“You can do It!” The Emergency Laguide to Surviving February
“I’m a good person,” was the first thing my Cousin Lou told me when they wheeled him to my car at the local emergency room. “And I have a reasonably healthy sense of humor,” he continued. “But I have to say that when it comes to irony, I like it better by the spoonful than by the shovelful.” Actually, my Cousin Lou is the “salt of the earth.” Every year, on the second Wednesday of January, he gets up at five in the morning to drive his friends and neighbors, Maude and Mindy, to the local airport so they can catch their connecting flight to Dulles and travel on to Maui. While they are out and about in the gentle climate of Hawaii for two months, Lou watches their house and digs them out as needed. As a reward, Lou gets a few pounds of high end Kona coffee, to which he is understandably addicted. This year, after he had helped them in with their luggage, he slipped on some black ice on his way back to the car and broke his nose and left ankle. “Not fair,” he said, knowing that was silly. “And I still have February to contend with.”
Ah, in State College Pennsylvania, we all have February to contend with. And although we are a hardy bunch, it is clear that nearly all of us would take issue with T.S. Eliot, who penned “April is the cruelest month,” in his poem, The Waste Land. Indeed, a recent poll of Central Pennsylvanians give the two things they dread most in life as political ads on TV and February. In a climate where winter can last from Thanksgiving to the first of May, you might wonder why we would single out the month of February as the most horrible of the bunch. In fact, that question is bandied about, by the hollow-eyed, despairing people who have realized they are in for it for another year, in the hallways, by the water coolers, at the coffee shops and bookstores, and in the produce department at Wegman’s where the “winter crutches club” meets on Sundays. Sure, February is such an odd month that we have to add a day to it every four years, but I believe that the dread is inspired by the almost total lack of sunshine that is characteristic of the month here. Last year, we had 28 minutes of sunshine spread over February’s 29 days. To combat the despair, we at Stevieslaw are compelled to publish “You can do it,” the Less-intelligent-than-average-American Guide to surviving February. In the guide, we will give you more than 100 strategies to making it through the month, including:
1. Embracing it: A family we know invested their entire retirement income in sporting goods and clothing so they could spend all of February immersed in winter sports like skiing, ice skating, speed skating, cross country skiing, ski jumping, ice fishing, and 14 different kinds of sledding. They renamed their house the “defrostation” station and would often collapse in their front hallway—too exhausted to give February, or for that matter simple grooming much mind. Note that this option requires really good health insurance, with the platinum emergency room rider an extra special priority.

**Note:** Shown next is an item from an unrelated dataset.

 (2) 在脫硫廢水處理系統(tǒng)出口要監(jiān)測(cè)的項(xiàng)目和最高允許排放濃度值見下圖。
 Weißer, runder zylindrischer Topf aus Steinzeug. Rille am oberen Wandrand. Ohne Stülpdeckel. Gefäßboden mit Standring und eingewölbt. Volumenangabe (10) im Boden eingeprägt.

2. Disguising it: When the South Bronx, in New York City, destructed in the 70’s and 80’s, the city painted every remaining window in the burnt out, abandoned structures with colorful flower pots poking out from imaginary window shades. From the Cross Bronx Expressway, as you coaxed your car forward with the hope you would never break down here, you could admire the colorful buildings. We will provide you with simple plans for painting your windows and doors so that you will never know that February roars outside. Paint a room with sunshine and flowers: Another with a clear sky over an imaginary creek not yet a victim of pollution: A third might depict a sky full of stars rather than sleet. Use your retirement money to hire your cousin Harvey—who hasn’t held a steady job since 1961, to deliver all your needs while wearing summer appropriate attire. Have your pizza delivered by a guy in a flowered shirt sporting a ukulele!

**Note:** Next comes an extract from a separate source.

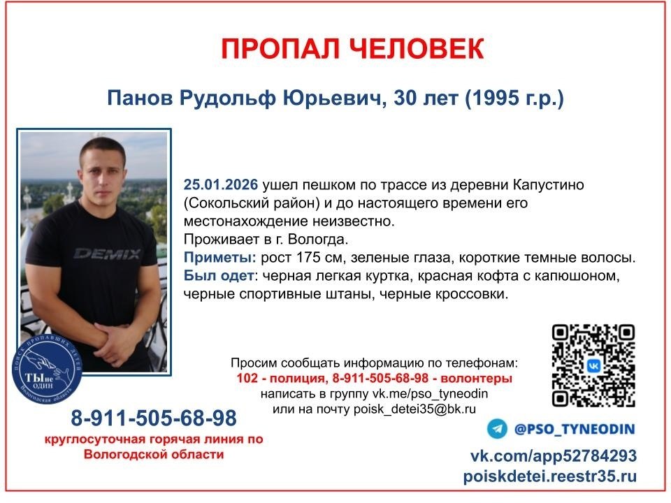По данным волонтёров, 25 января молодой человек ушёл по трассе из деревни Капустино Сокольского округа. С тех пор о судьбе 30-летнего мужчины ничего неизвестно.

3. Fleeing it: Spend your retirement money to get out of Central Pennsylvania in February. This option will take careful planning as “Worst Journeys” magazine—named for the book by Cherry Garrard about the ill-fated Scott expedition to Antarctica, now lists most travel options in tea-partied America as barely manageable—or as they put it—like traveling in Albania by oxcart. Some routes—such as the trip from State College to an airport in New York City over the George Washington/Chris Christie Bridge are no longer passable for democrats, liberals and most independents. In the guide, we will teach you how to get to a warmer clime by bus, train, auto, airplane or thumb safely and efficiently. Often, this will require that you leave the region in mid-October.
Buy the guide soon so you may carefully consider your physical, spiritual and medication options before the dead, dread of February overcomes you and you are left broken and empty to stare at daytime TV as both you and the sky outside changes slowly from gray to grayer.